Tuesday, January 17, 2017

Beauty

A few days ago someone I hadn’t seen in a long time came to visit me. We were catching up. We noted how we had both grown older, and we began comparing notes about how that had gone for each of us. One of the things he told me about was how much more beautiful people had become. I realized, with his words, that my idea of beauty had changed too. That started me on a train of thought that I want to share with you.

I have been delighted to discover, that one of the positive elements of getting older, is that a person can become, more and more, themselves. I have always related to this movement as one of becoming more and more unique. The advent of personal uniqueness has been a hallmark of aging, in my perspective. For him, this kind of development meant people became more beautiful! I like his perception, because I think it is true, and because I also think it represents an important evolution in my concept of beauty.

I have grown up in a culture that primarily conceived of beauty in the young female form. Setting aside, for this moment, what that has done to women, I want to explore what this notion of beauty has done to older people. I suspect some of the invisibility that many older folks experience is related to this way of seeing beauty. I also think some of the revulsion about aging has its roots in this very limited concept of beauty.

Beauty has for too long been primarily considered an external phenomenon. It has been an aspect of appearance. Sure, there has been some acknowledgement of internal beauty, like a beautiful personality, but there hasn’t been a wide-spread realization that beauty could be an innate quality that comes out with life experience and uniqueness. Beauty then is more like a diverse eco-system, a quality of Life’s devotion to profusion and diversity. Beauty, in this later conception, is a combination of internal factors and a relationship with more of the whole of Life. This notion seems more organic, humane, and lasting, than something that involves a winning a genetic lottery.

The evolution of my sense of beauty is also helping me perceive beauty outside the skin –encapsulated world I’ve formerly lived in. Now, I’m much more likely to see the complex beauty of something that has both an internal and external ability to find a certain kind of alignment. This has been especially true in my experience of those people and places that have endured the rigors of existence. I’m finding I’m growing more partial to scars, marks, wrinkles, and the wisdom derived from heartache. Beauty has become something marked by Life.

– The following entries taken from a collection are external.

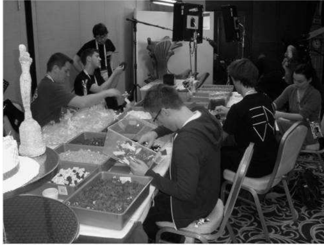
Plate 2. “Expressing creativity through Lego, Promax UK, 2012”

marketing and promotion as distinctly uncreative sectors of the cultural industries. For instance, media scholars like Georgina Born (2004) have argued that the introduction of marketing to the BBC in the 1990s offered a threat to creativity, particularly when used “to batten down and curtail the particular and expansive imaginative engagement required by good programme-making” (p. 301). Laments about creative imagination, or its lack thereof, extend to popular representations of television marketing. Also focusing on the BBC, the satirical television comedy WIA (2014) lampoons the brand obsessions of the Corporation in the early 2010s and the inane efforts by marketing and PR consultants to update and “app-ify” the BBC’s logo[4]. Rather than depict promotional work as a professional discipline requiring creative acumen, marketing is seen in these portraits as limiting and vacuous in creative and imaginative terms.
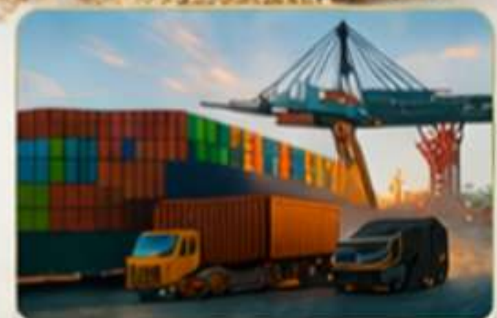
On-Time Shipping Worldwide
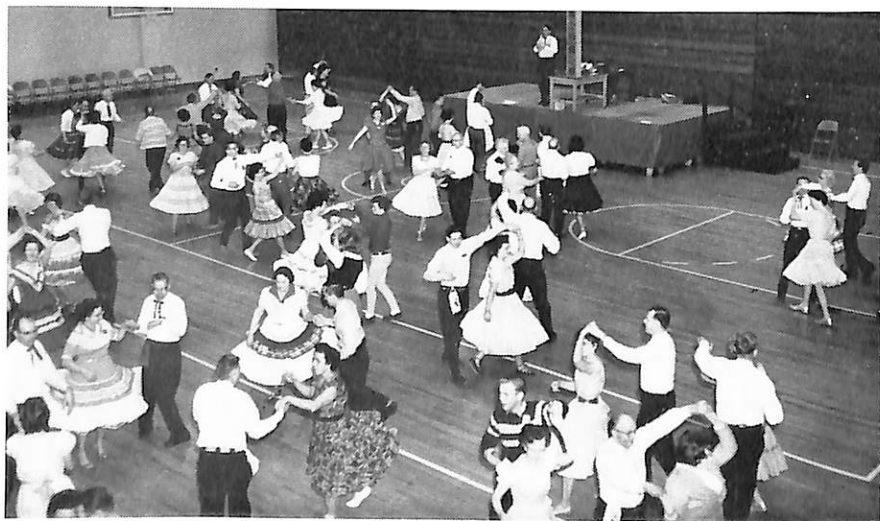
Let's Do A Grand Sashay
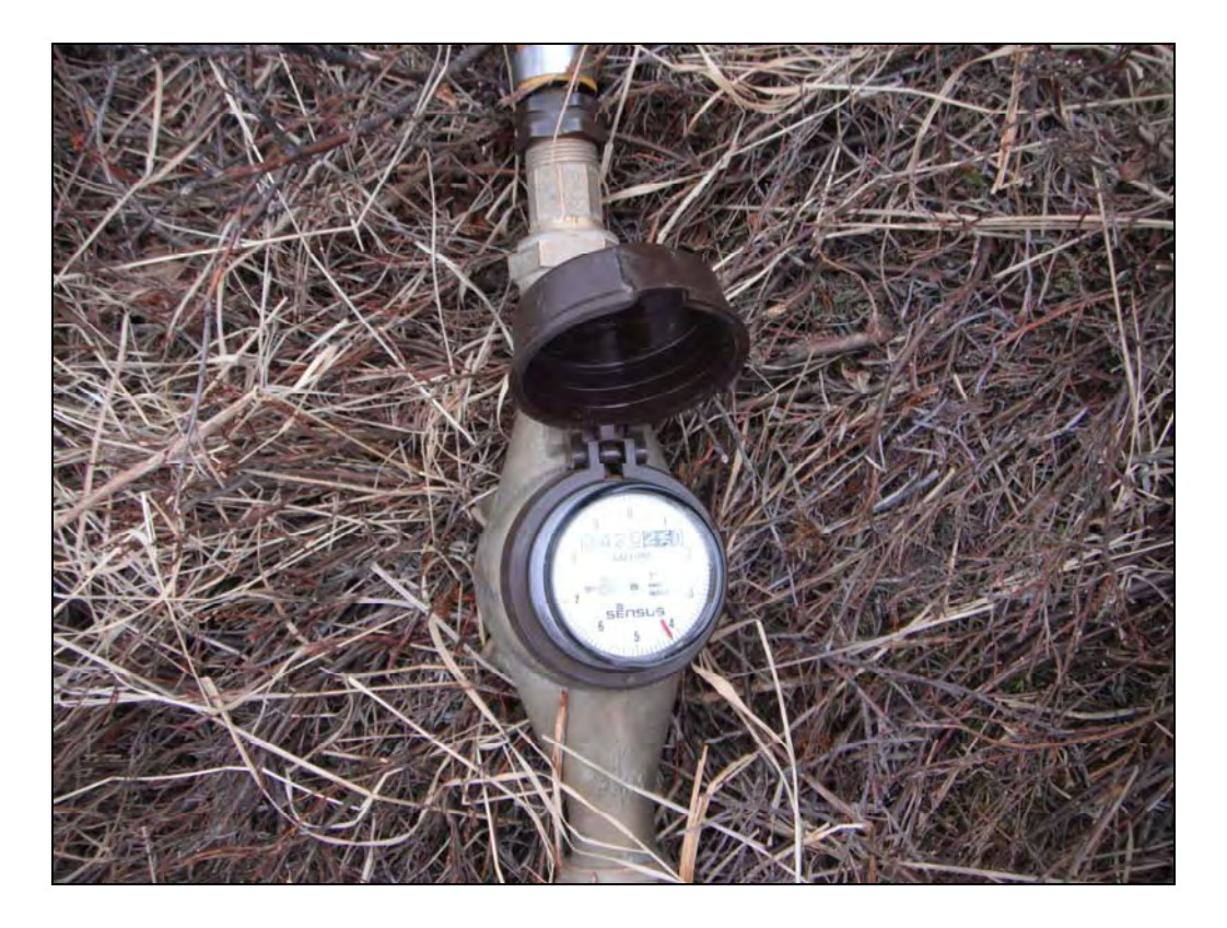
Figure 9. Totalizer connected to water intake line. Field estimate of water withdrawal rate was 23 gpm during the inspection.
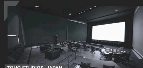
TOHO STUDIOS, JAPAN

Film mixing facilities of the original Godzilla movie.
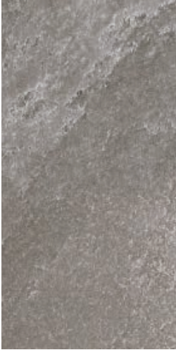
30 x 60 cm (12 x 24) SO.ST.GRY.1224.MT
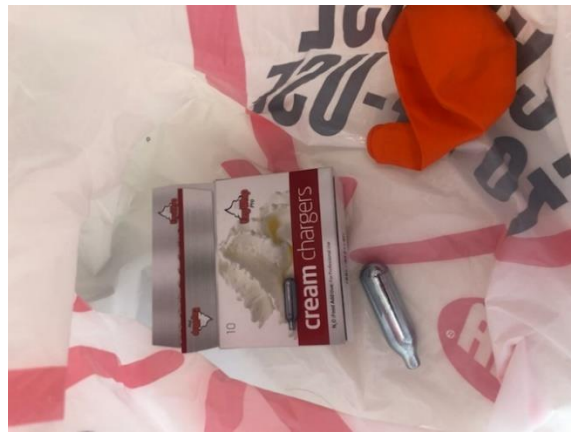
Figure 2: Nitrous oxide canisters (bottom) and balloon (top) found from patient's Belongings.

Transthoracic echocardiogram suggested normal chamber sizes and ventricular function. Autoimmune screening was negative. Hepatitis and HIV screening tests were negative. Urine drug screen for amphetamines, benzodiazepines, marijuana, cocaine, and methadone was also negative. While she was in the Intensive Care Unit (ICU), a collateral history from family and friends suggested she had appeared frequently dazed and vague in the weeks prior. A search of the patient's belongings (with the family's consent) revealed that she had been using nangs prior to admission. The nitrous oxide was being inhaled via balloons as well as directly from the nozzle of a whipped cream dispenser (see Figures 2 and 3). The box of 10 canisters in her bag had only one nang left.
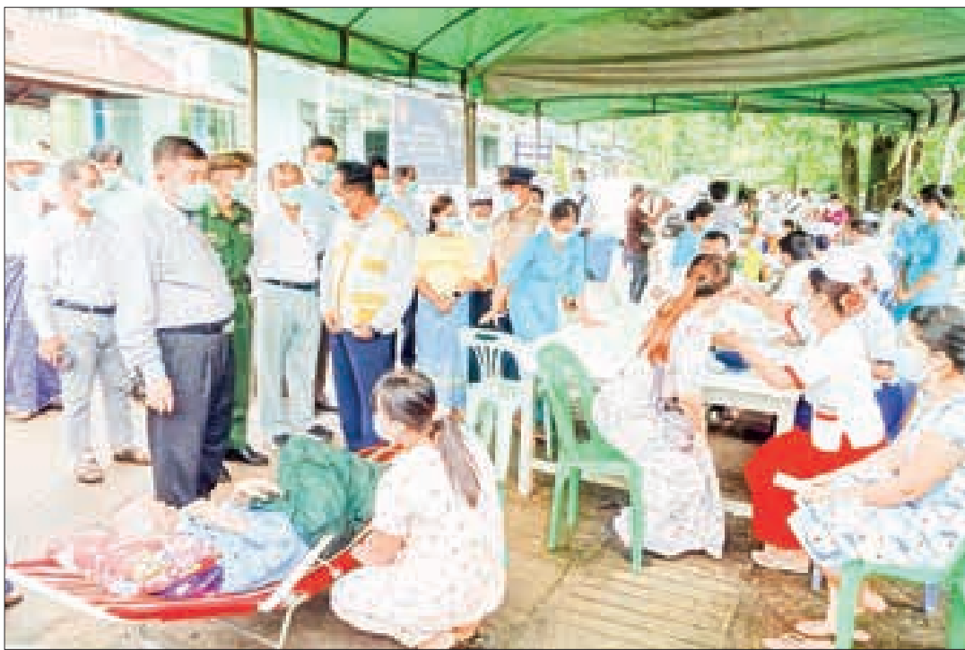
Mon State Chief Minister U Aung Kyi Thein and officials encourage the patients during the medical trip at Muiyitkalay Station Hospital in Chaungzon Township on 22 June.
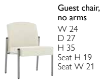
Guest chair, no arms W 24 D 27 H 35 Seat H 19 Seat W 21
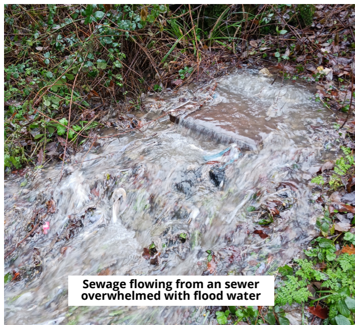
Sewage flowing from an sewer overwhelmed with flood water

In the recent Chancellor's Autumn Statement was an 11% cut in the new Environment Secretary's budget, impacting directly on Government attempts to deal with the sewage scandal. This is something we are familiar with in parts of Matlock, especially Lumsdale, a range of properties below the Treetops development and at Matlock Green.
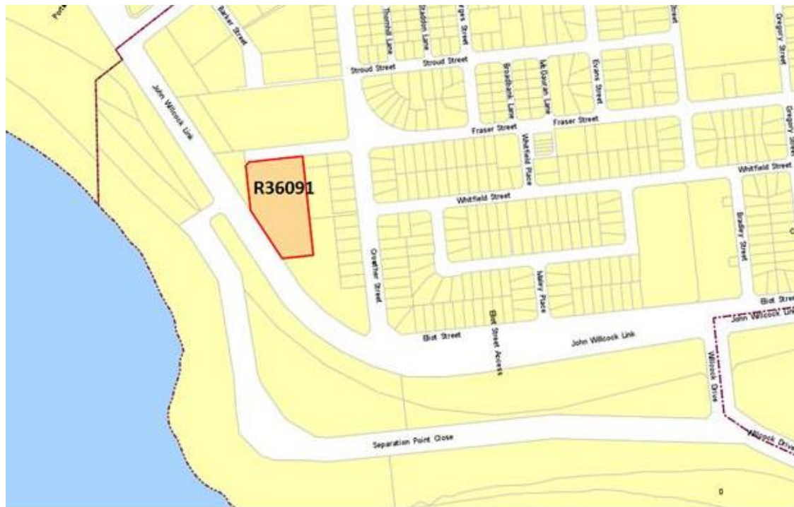
Crown Reserve 36091 (Lot 3042) – Fraser Street, Beachlands

Reserve 27953 (Lot 2349) has an area of 4.57618 hectares is reserved for the purpose of “Recreation” and is vested in the City of Greater Geraldton. The reserve lies adjacent to Crown Reserve 31961 that currently has a short-term lease with the Spalding Horse and Pony Club. The location is depicted in the plan below:
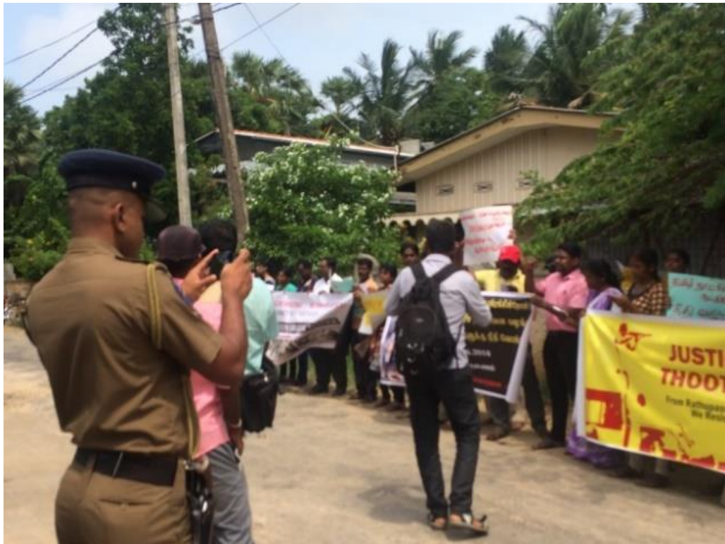
(Image- One police officer is photographing protesters,)

Protesters who were engaged in a protest in front of Consulate General office of India, in Jaffna on 1 st June against shooting of civilians in Thoothukodi, Tamilnadu, India, claimed that they had been photographed unnecessarily by Sri Lankan Police and security guards of Consulate General office 3 .
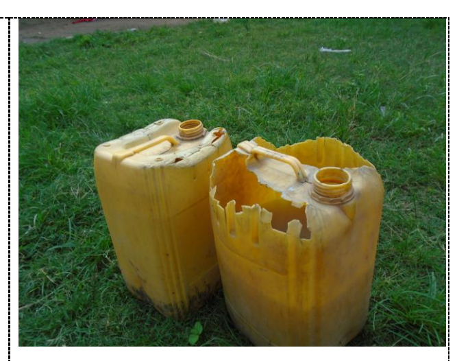
Fig 5. Old jerry cans that are still being in use.
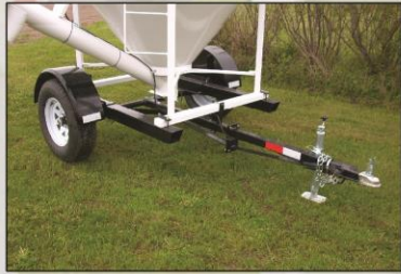
Model 45 on trailer kit with 2" ball coupler, jack and fenders
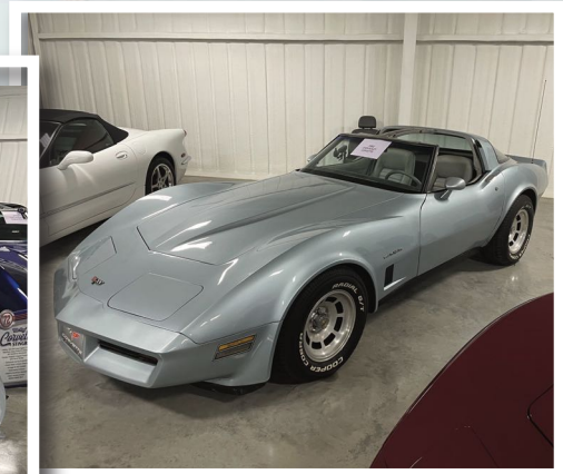
1982 Coupe BS
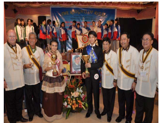
Young Jose Rizal & Young Maria Clara Champions 2009
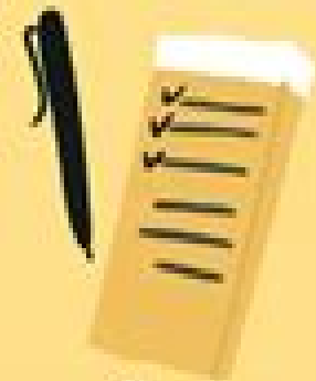
Create a to-do list

It seems to me one of the greatest gifts of being human has been the gift of being able to perceive the complex poignancy of Life. There is beauty in suffering the unknown for the sake of the whole. I can’t describe that kind of beauty, I think it can only be experienced. Beauty can be an inexplicable experience — a way mystery has plucked a gossamer heartstring — that resonates into every cell of being. Beauty can be a particular poignant moment, a flash of meaning colliding with attention. Beauty can be a state of mind that is revealed with showing up and being present. Beauty can be seen everywhere, if one is willing to embrace it all — especially those places where the darkness and the light combine.

I like Leonard Cohen’s realization that the crack is where the light gets in. My way of saying it, is that hardship is the hand of artistry. Beauty, on the way.

It helps me feel better about being involved in this transitory soup when I think that the experience of beauty evolves, and that as my eyesight grows dimmer, it also grows sharper. That also seems beautiful to me. Maybe death, which is part of Nature’s design, is really, as the poet Hafiz suggests, “a favor.” If so, that’s incredibly beautiful.